CuidadoDeSalud.gov, the Spanish-language version of Healthcare.gov, has launched at last, two months late. According to the Associated Press, the Spanish-language website is so confounding that it was either translated by a computer or former Mayor Michael Bloomberg.
“It’s written in Spanglish,” Adrian Madriz, a healthcare navigator who helps with enrollment in Miami, told the AP. Another navigator alleges that the Spanish-language website works less smoothly and takes a longer time to load.
Julio Varela, of the website Latino Rebels says that the site isn’t as bad as the AP lets on. “I think the website translation is mediocre, but it is readable, just like every other Spanish version of US government pages. I have read much worse and I have read much better.” I also looked through the website and found it awkward, but not incomprehensible. Translating “premium” as “prima” (which means “cousin” in most contexts) isn’t wrong, just odd.
The White House has denied that the website was automatically translated and said that it was “committed to ongoing improvements.” An official also said that the translation “does not affect your average Latino enrollee” because the average Latino reads at least some English.
This is not accurate, according to Dr.

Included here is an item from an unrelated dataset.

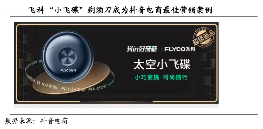 經(jīng)典案例:根據(jù)飛科商城、國泰君安證券研究等綜合資訊表明,飛科積極參與到“抖音超級新品”營銷活動,利用抖音平臺所提供的一對一深度運營方案、流量扶持、達人撮合、營銷宣發(fā)、官方推薦等資源,實現(xiàn)在抖音站內、微博、微信等社交平臺的跨平臺引流,為產(chǎn)品的最大化曝光提供支持。
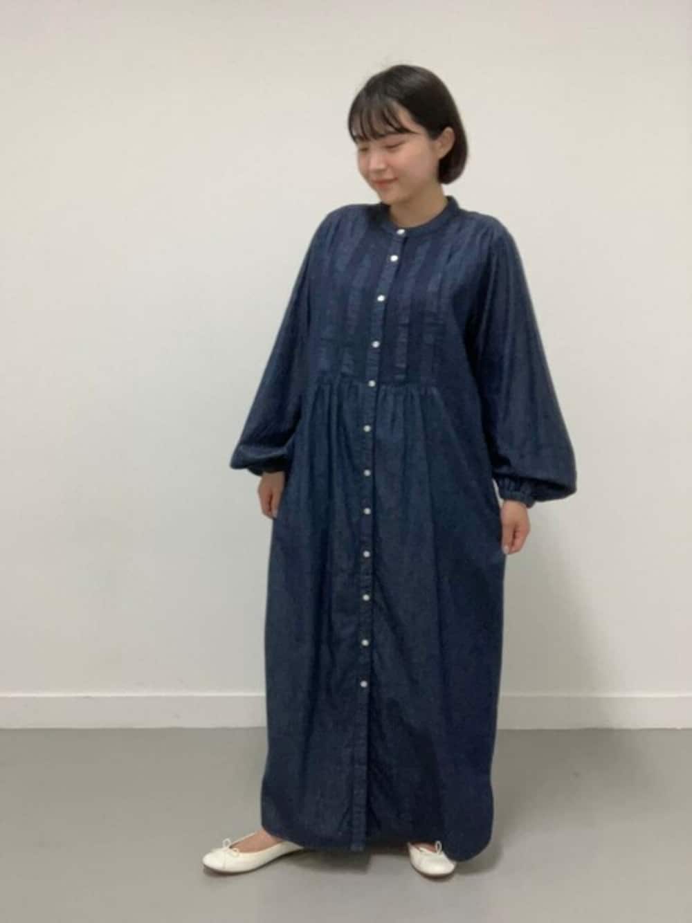 胸元の細かいピンタックがポイントになり、カジュアルな雰囲気の中にも大人の上品さを感じるデザインが魅力の一着です。

Jane Delgado, president and CEO of the National Alliance for Hispanic Health, which runs a national hotline aimed at helping Latinos register for healthcare. “The language of insurance is new for people who are uninsured so it might be easier to for them to learn about it in a language they’re comfortable with,” she told BuzzFeed.

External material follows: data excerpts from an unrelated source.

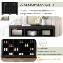 The cabinet is divided into 24 small cubbies, each designed to hold a single pair of shoes, ensuring that your shoes are neatly organized and easily accessible. The upper 3 sections provides additional space for larger items such as boots or other items.
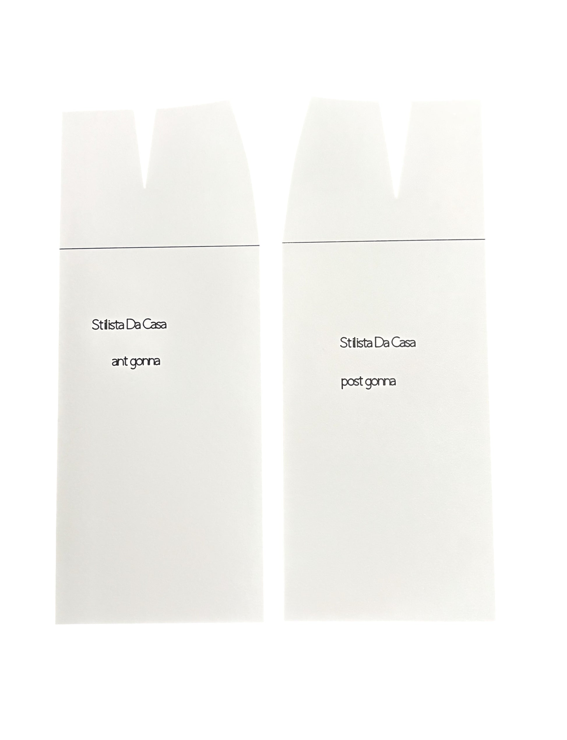 Ogni base del kit è già sagomata, completa di tacche, segni e dritto filo, per garantire un'esperienza di tracciamento e modifica precisa e intuitiva. Basta appoggiare la base sul foglio, tracciare il contorno e segnare i punti principali attraverso i fori predefiniti. Da qui, potrai liberare la tua creatività e sperimentare con trasformazioni modellistiche su misura.
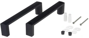 Wymienny komplet uchwytów do drzwi kabiny. Uchwyty mają otwory montażowe FI 4mm, a ich rozstaw to 140 mm. Wykończone są w matowym, czarnym kolorze.

One-third of all uninsured people are Latino, according to the National Council of La Raza, and Latino children are two times more likely than white children to be uninsured. Yet few Latinos have enrolled in healthcare plans created by the Affordable Care Act. Bad translations aren’t the only cause: some uninsured legal immigrants are hesitant to apply for healthcare for fear that their undocumented family members might be deported as a result, even after Immigration and Customs Enforcement (ICE) issued a memo assuring that it wouldn’t use healthcare data for those purposes.
As reported in Think Progress, this wouldn’t be the first time Latinos missed out on government benefits because of poor translations. In 2013, a state website that offered grants to rebuild New Jersey homes damaged in Hurricane Sandy provided inaccurate deadlines and hours of operations for Spanish-speaking applicants, prompting a lawsuit by the Latino Action Network. In Maricopa County, Arizona—home to Sheriff Arpaio—Spanish-language voter registration cards listed the wrong election date in 2012.

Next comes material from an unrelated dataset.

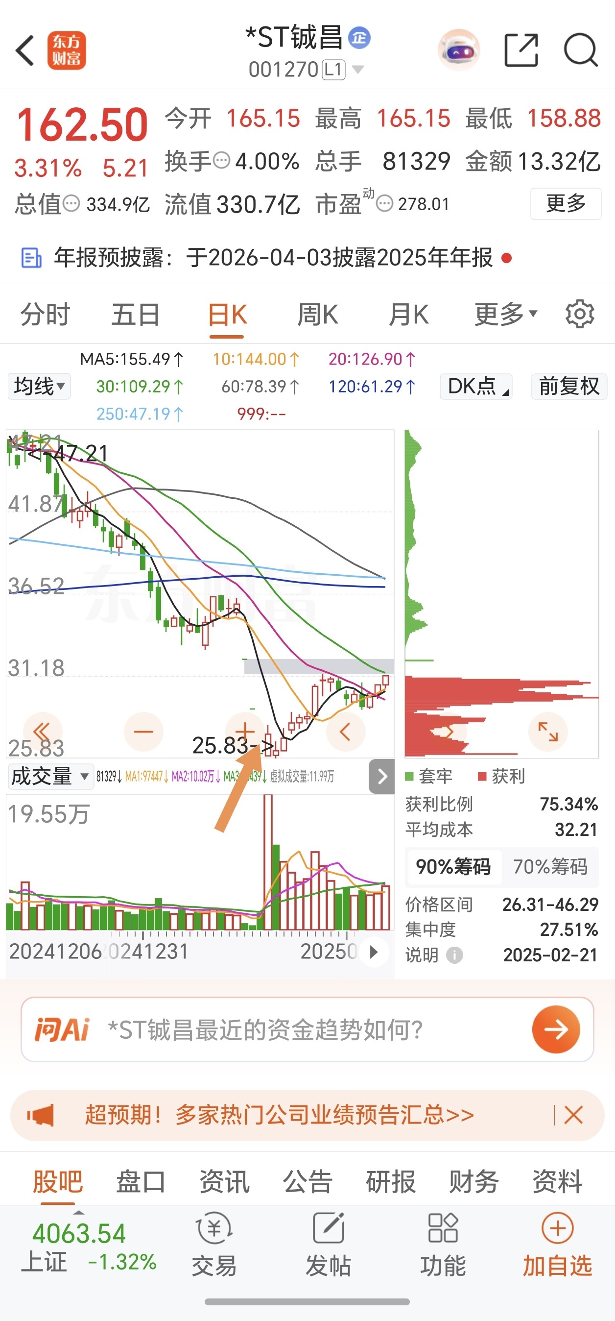 箭头所指就是年报预披露,退市警示。年报正常st股价反而一路大涨!仅供参考~

Last year, Arizona tried to pass a bill that would prohibit mailing government documents in languages other than English (except for those related to voting). Arizona and twenty-six other states have declared English their state’s official language, but the United States does not have an official language, yet its resources for Spanish-speakers are consistently inadequate, Varela says.
As he writes, “The opinions of just two or three people in one AP article really don’t speak to the bigger issue about all this: stop treating Spanish as a second-class language.”
Correction: An earlier version of this article incorrectly referred to the National Council of La Raza as “La Raza.” The editors regret the error.